Maratea è un fiore all’occhiello ma ha bisogno di tanti servizi. C’è una bellezza naturalistica competitiva, talmente preservata che a volte diventa un boomerang. Pochissime infrastrutture e quelle che ci sono certo non aiutano per le condizioni in cui versano. «Chi lavora sui numeri – spiega Biagio Salerno - non verrà mai a investire sul territorio ma questo paese può avere uno sviluppo importante senza distruggere nulla. L’attuale andamento economico non aiuta, con i disastri a nord e sud, molti rinunceranno alle vacanze. Maratea ha bisogno di un progetto di sviluppo non a 5 ma a 10 anni con un piano strategico regionale che guardi alle infrastrutture».

 

DAL MARE E DAL CIELO - Guarda al porto turistico ed è significativo che il nuovo sindaco Cesare Albanese ne abbia parlato subito. «Un segmento importante – ribadisce Salerno - per attrarre nuovi target medio-alti rafforzando la potenzialità di turismo nautico a Maratea offrendo una risposta alla carenza di posti barca, rispettando anche le attività di pesca, e al tempo stesso superando lo stato di abbandono e forte degrado dell’area adiacente dell’ex stabilimento industriale della Pamafi. Importante come l’avvio dell’aeroporto di Salerno-Costa d’Amalfi, per il golfo di Policastro, per Maratea e l’area sud della Basilicata per l’opportunità di incrociarsi con i flussi turistici internazionali. Ma occorre anche a una sala multifunzionale, 1000 posti, per destagionalizzare aprendo anche al turismo sportivo. Maratea ha bisogno di essere conosciuta di più a livello internazionale. Non è mai stato fatto un evento a mare e si potrebbe pensare a un festival della canzone che si affianchi al “Marateale”, da 15 anni festival internazionale del cinema e della scena emergente».

 

LA TERRA DEI VIP - E si affacciano ancora i ricordi dalle ville storiche di Romiti, Luca di Montezemolo, Agnelli, Cremonini (prima ancora che diventasse famoso) a Cusani, Tanzi. Protagonisti di ieri e di oggi, come Arisa e la Pausini che hanno scelto la spiaggia nera per i loro videoclip. «È stata nostra ospite, ha dormito in quella stanza – dicono i Salerno indicandola con un dito - ma eravamo vincolati al più stretto riserbo».
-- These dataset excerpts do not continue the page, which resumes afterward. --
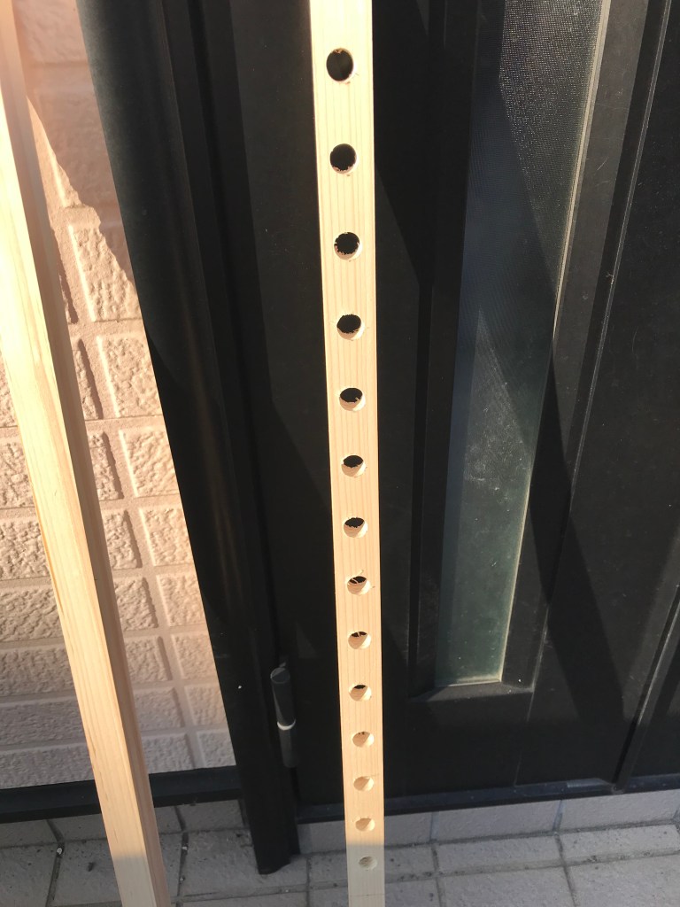 材料を購入してきて、3本の角材に3cm間隔に印をいれていく。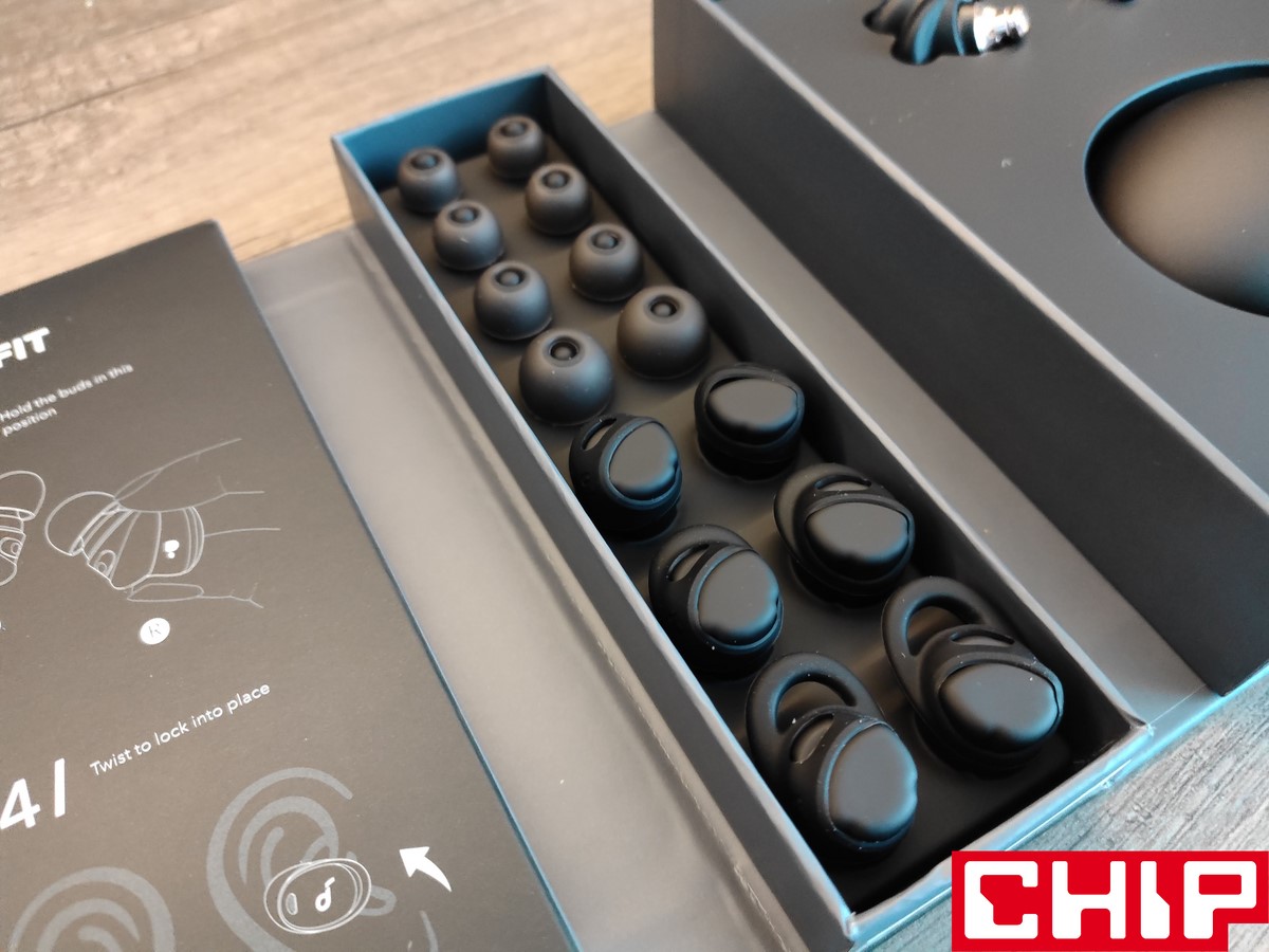 Dzięki czterem parom gumek i stabilizatorów, każdy powinien znaleźć idealną konfigurację, aby Liberty 3 Pro zarówno trzymały się pewnie w uszach nawet podczas ruchu, jak i gwarantowały wysoką wygodę. O ile osobiście nie miałem problemu z tym pierwszym, bo po odpowiednim wsadzeniu i przekręceniu słuchawek w uszach Liberty 3 Pro za nic w świecie Wam nie wypadną nawet podczas sportu, to o komfort walczyłem długo, ale poległem.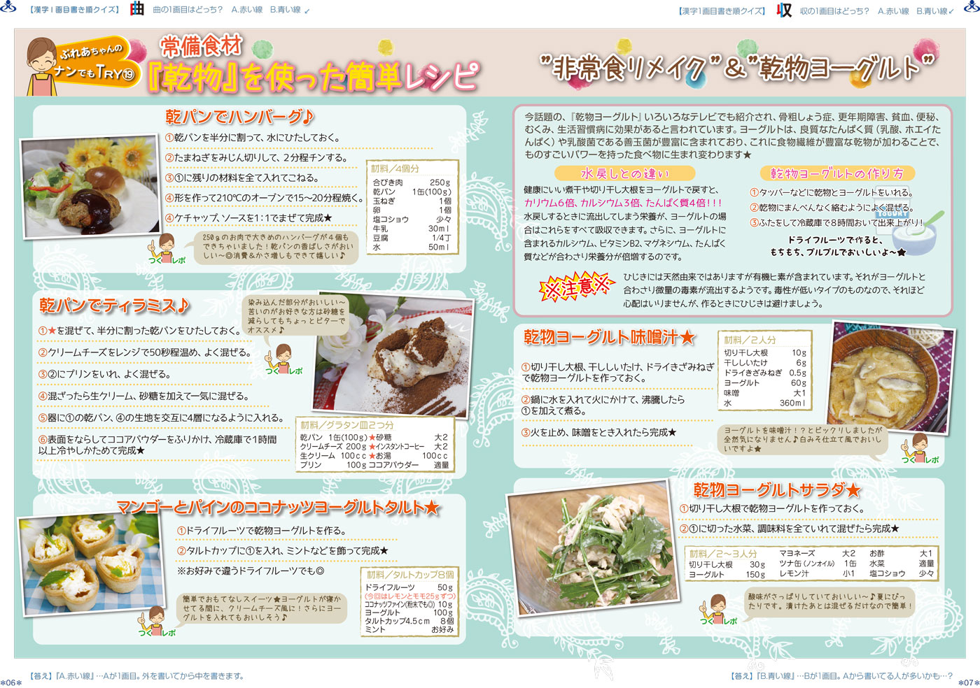 P.6 ぷれあちゃんののナンでもTRY⑲ 〜常備食材「乾物を使った簡単レシピ」〜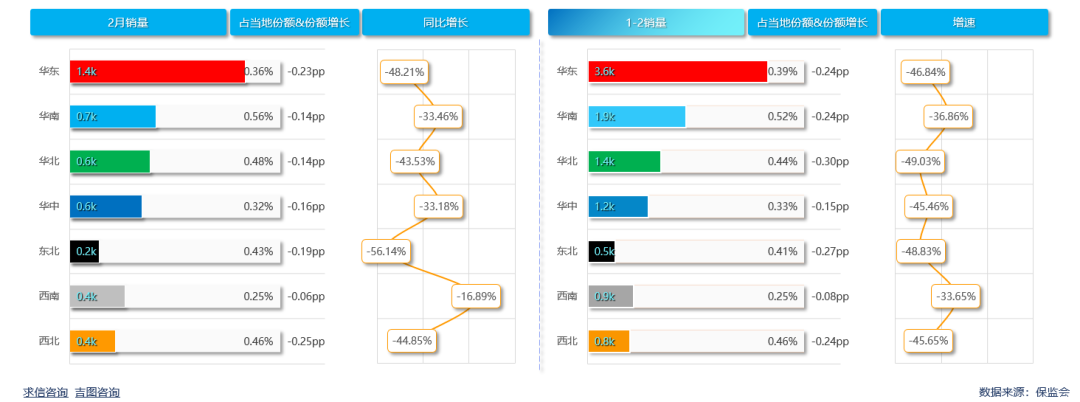 累计销量方面,华东地区作为销量扣当未起到带头作用,累计销量3569辆,较上年下滑46.84%,销量贡献34.13%,当地市场份额0.25%,较上年缩小0.08pp。华南区域市场份额高于其他地区,累计销量1939辆,较上年下滑36.86%,销量贡献18.54%,当地市场份额0.25%,较上年缩小0.08pp。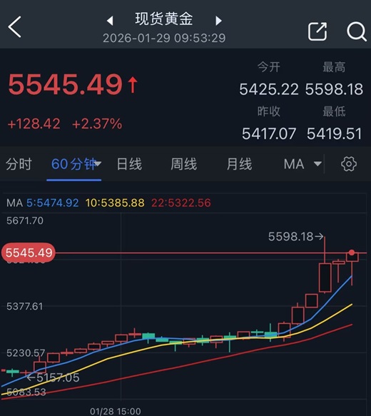 金价稍早一度飙升至5598.18美元/盎司,刷新纪录高位,日内涨幅达到181美元。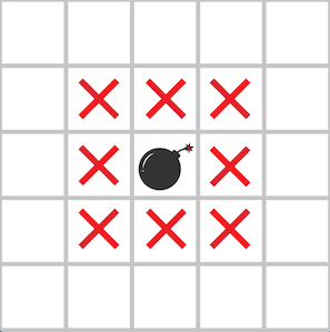 다음 그림과 같이 지뢰가 있는 지역과 지뢰에 인접한 위, 아래, 좌, 우 대각선 칸을 모두 위험지역으로 분류합니다.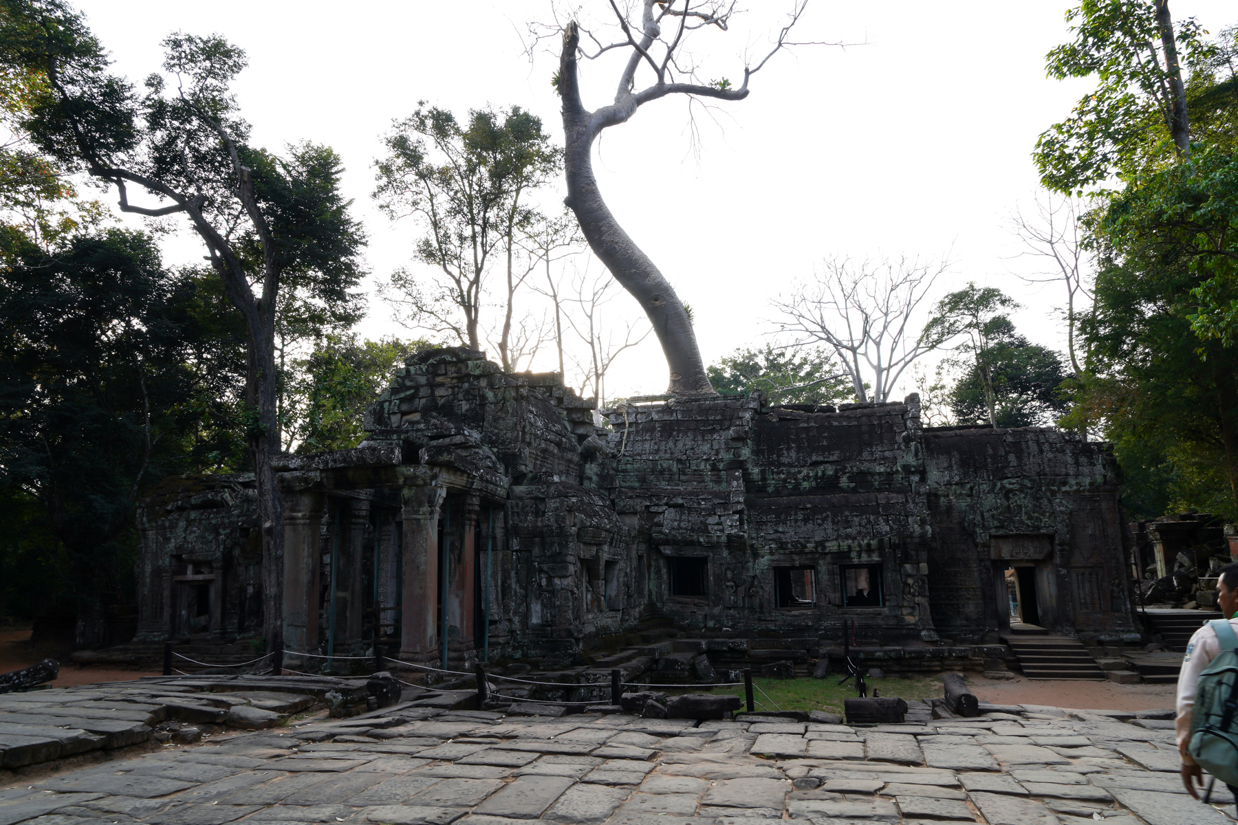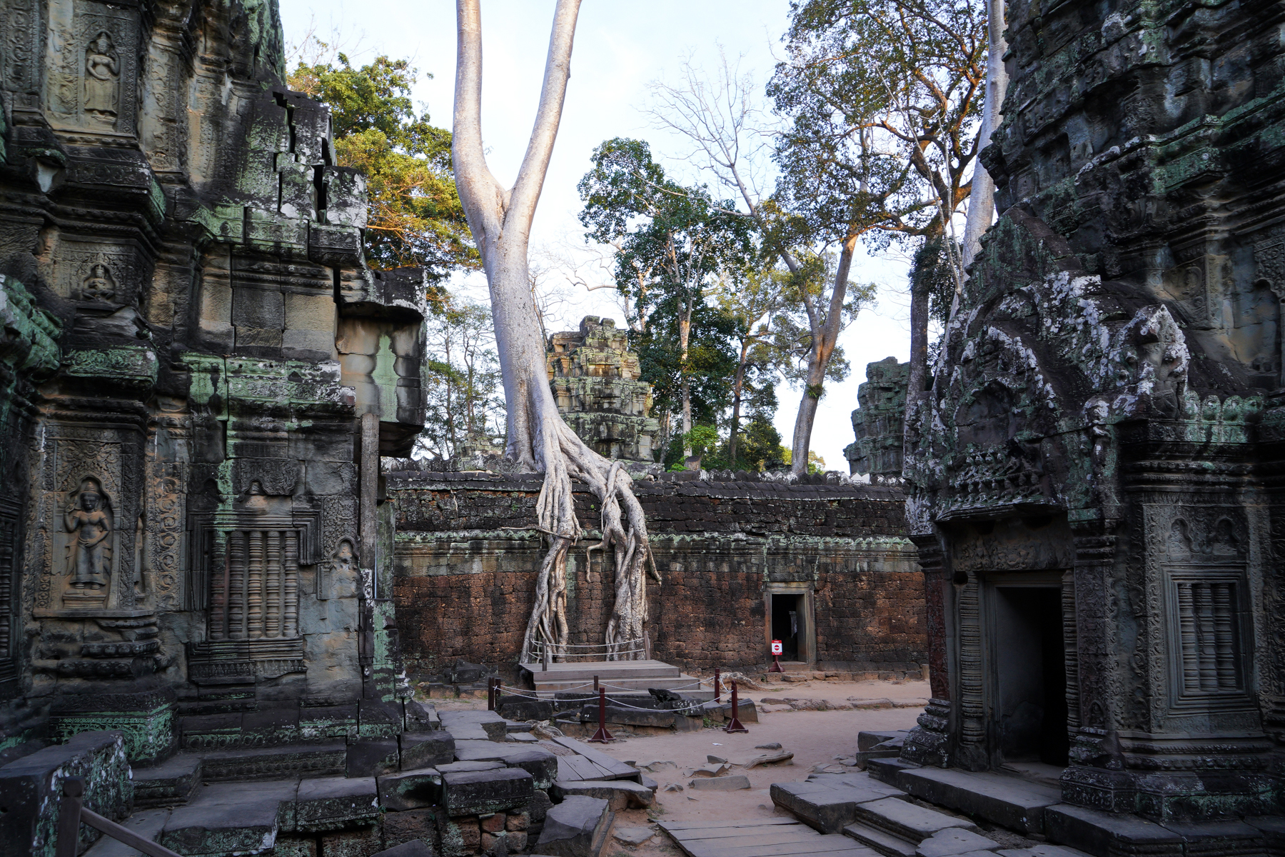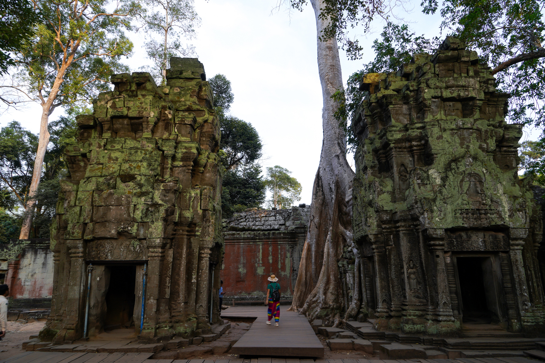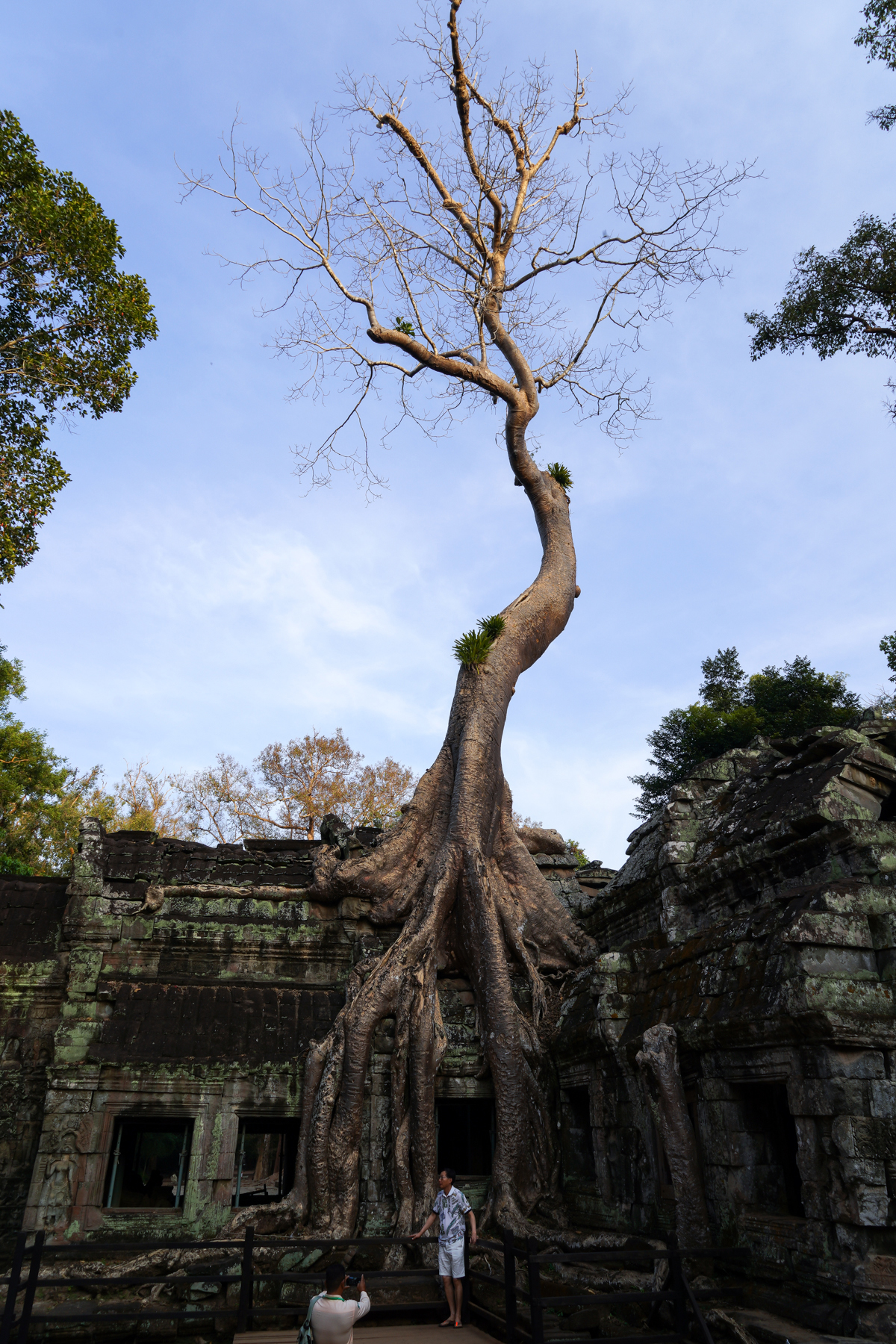 나무의 뿌리가 사원 벽면을 완전히 감싸 건축물의 일부가 된 듯하여 나무를 제거하면 사원이 붕괴될 것 같기도 하다.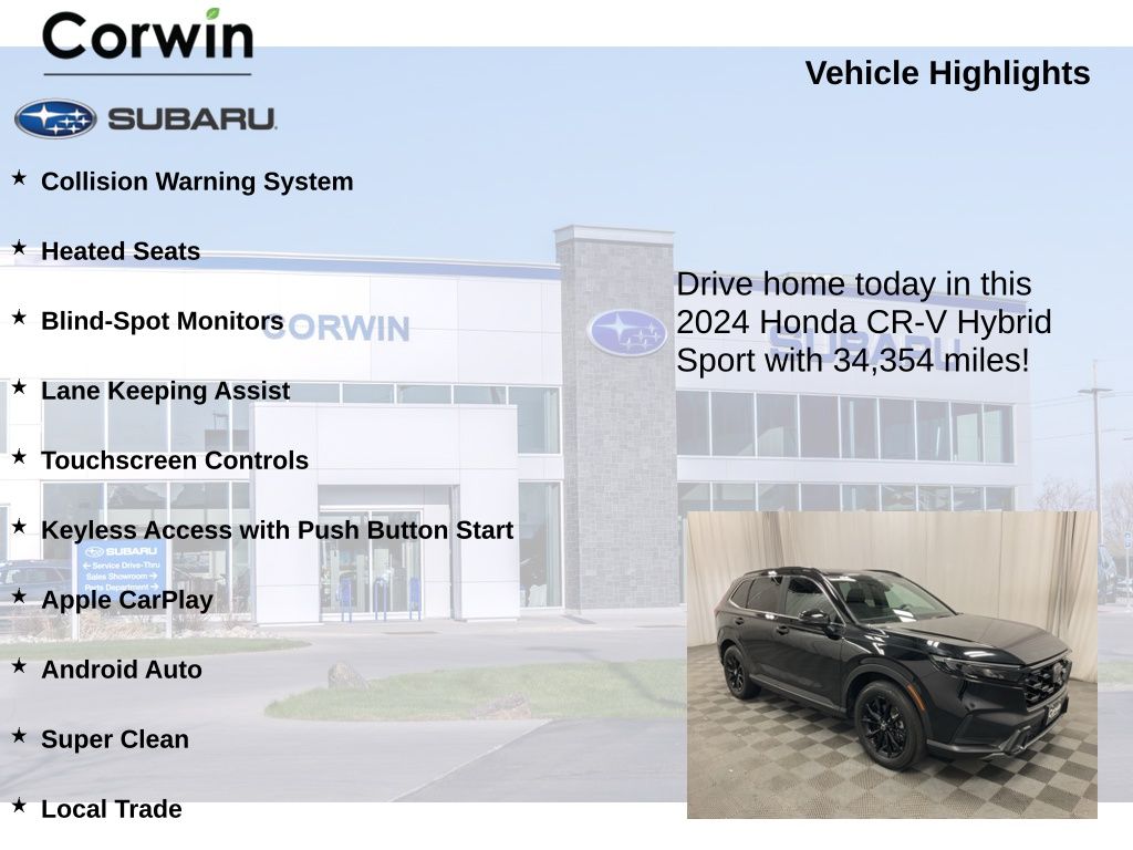 Discover the perfect blend of style, efficiency, and technology in the 2024 Honda CR-V Hybrid Sport. With its impressive performance, comprehensive safety features, and exceptional attention to detail, this SUV is poised to exceed your expectations. We invite you to schedule a test drive and experience the difference for yourself. Let us help you find the perfect vehicle to elevate your driving experience.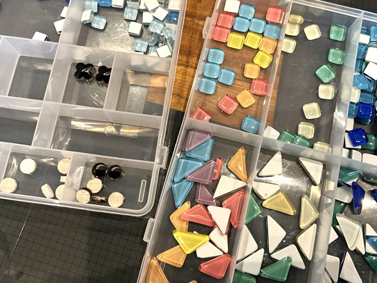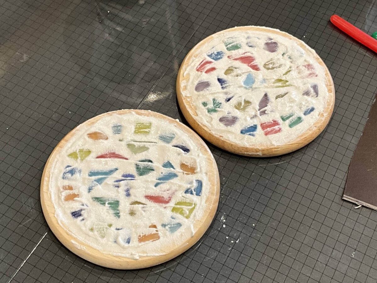タイルの配置が決まったら、枠にタイルをボンドで貼付けて、目地材で埋めていきます。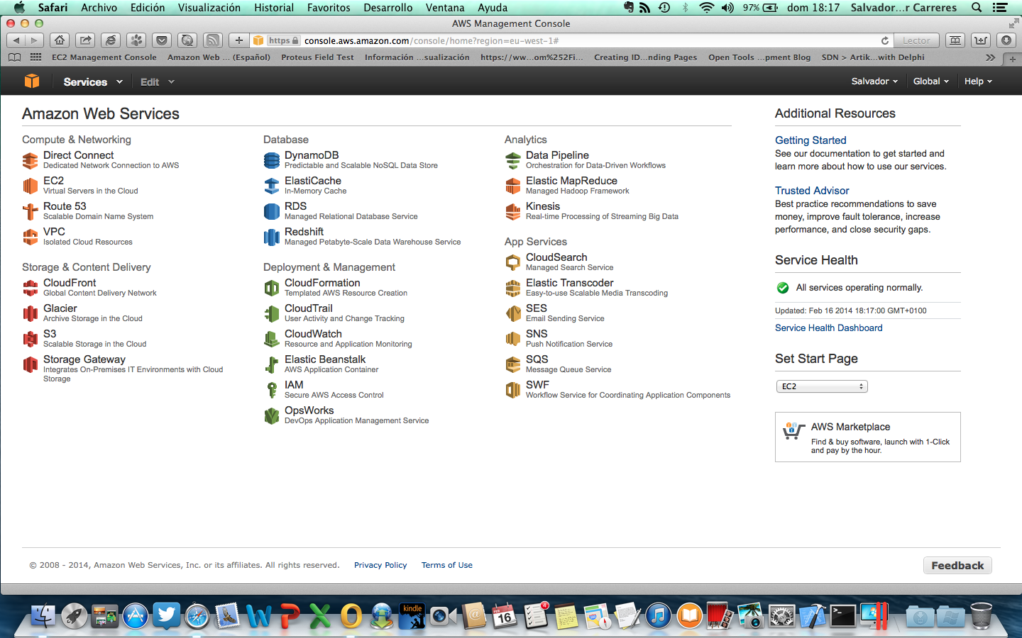 La idea que uno puede tener de sus servicios antes de conocerlos puede ser un tanto vaga ya que si os fijáis en la imagen superior, AWS recoge tanto las áreas de computación y redes, almacenamiento de datos, analítica, desarrollo y aplicaciones de servicio. He contado a bote pronto unos 27 servicios distintos, gestionados a través de un interfaz web y una consola de gestión de servicios que nos permitirán administrarlos de una forma relativamente sencilla, sobretodo si tenemos en cuenta la complejidad que encierran.

Una lunghissima chiacchierata, ma prima di chiudere Aldo Salerno si allontana un attimo e torna con un enorme raccoglitore pieno di foto. È una sorta di album, una sua guida turistica, in cui ha raccolto il meglio non solo di Maratea, la cittadella delle 44 chiese (quasi tutte chiuse) ma di tutta la Basilicata. Lo mostra ai suoi ospiti e li invita a scoprire questa terra. Salvo poi alzare le mani, quando un turista che non ha auto chiede un taxi per andare a visitare il Cristo.

 

LA LOCOMOTIVA DEL SUD - «Il mio rammarico è di non essere stato ascoltato. La mia speranza è che prima che io non ci sia più, qualcuno lo faccia. Voglio dire quello che manca a Maratea. Meno di 5000 abitanti,13 frazioni, considerando anche le più piccole si arriva anche a 16, ma non c’è un centro dove possono incontrarsi i nostri giovani. Vanno via e non tornano. Pensavo quando ho realizzato la piscina di poterla coprire con una struttura modulare in modo da metterla a servizio dei nostri giovani fuori stagione grazie a un protocollo con il Comune. Non è stato possibile». Spazia dai problemi di isolamento, alle carenze infrastrutturali e del trasporto pubblico, alla mancanza di un piano regolatore, all’ex-Pamafi diventata ricettacolo di rifiuti e cinghiali, all’assenza di servizi igienici, anche a pagamento, fino all’area del Cristo, che dovrebbe recintata per un migliore controllo, ai ritrovamenti archeologici chiusi nelle casse. Si preoccupa della chiusura di 13 strutture alberghiere e di molti ristoranti. Ma poi guarda alle bellezze inestimabili di quella che è convinto può diventare la «locomotiva del Sud e della Basilicata».